# What golf bag are you using?



## jbaitho78 (May 2, 2020)

I've been in the market looking for a new golf bag  I've used the same ole Callaway stand bag for several years.
I've looked at the Ping Pioneer, Ogio Silencer, Hoofer, you name it. I just can't decide.
What are you guys using and what do you like about it?


----------



## patricks148 (May 2, 2020)

i use a tour bag.... the reason, i can pretty much get anything and every thing in it. i do use an electric trolley


----------



## Fish (May 2, 2020)

Combined stand/carry/cart bag, Big Max Aqua Hybrid, very happy with it.


----------



## jim8flog (May 2, 2020)

Decisions decisions - will it be the blue one today, the red one or the yellow one.


----------



## jim8flog (May 2, 2020)

On a serious note the only carry bag I own is a Sun Mountain. It is the original one and still serves me well today but it is only used a few times a year these days.
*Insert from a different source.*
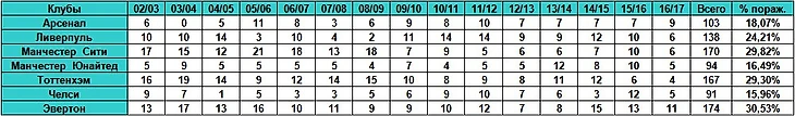 Таблица 5: Количество поражений  в чемпионатах 2002/03-2016/17

I owned an Ogio for a while but found it too heavy in comparison.


----------



## Ye Olde Boomer (May 2, 2020)

Unfortunately, I'm not actually "using" my new bag....or my new irons.

I chose a new Titleist Cart 15 to go with my new Titleist T300 irons.
Neither bag nor irons have been outdoors yet.
<sigh>


----------



## Jacko_G (May 3, 2020)

An old school original Ping Hoofer when I carry all winter.

A Motocaddy Dry Series cart bag for my trolley.


----------



## DT2020 (May 3, 2020)

Sum mountain carry for the carrying months , Powakaddy dri edition for the trolley months , Both allow me to carry everything I need especially the PK one when I've got 6 litres of water in it for the hot days


----------



## Mark1751 (May 3, 2020)

I use a Big Max Aqua 4 Sport - it’s waterproof and light weight which I like, pockets are on the smallish side but I try not to carry too much when I carry anyway. Enough room for a few balls and tees, jumper/rain jacket, bottle of water and a few other small bits you made need.


----------



## Deleted Member 1156 (May 3, 2020)

I have a GoKart trolley so got the matching bag to go with it but I actually prefer to carry so use a Titleist pencil bag most of the time. I also have a stand bag from Decathlon which gets occasional use. Cheap but functional, works perfectly well and the strap is comfortable.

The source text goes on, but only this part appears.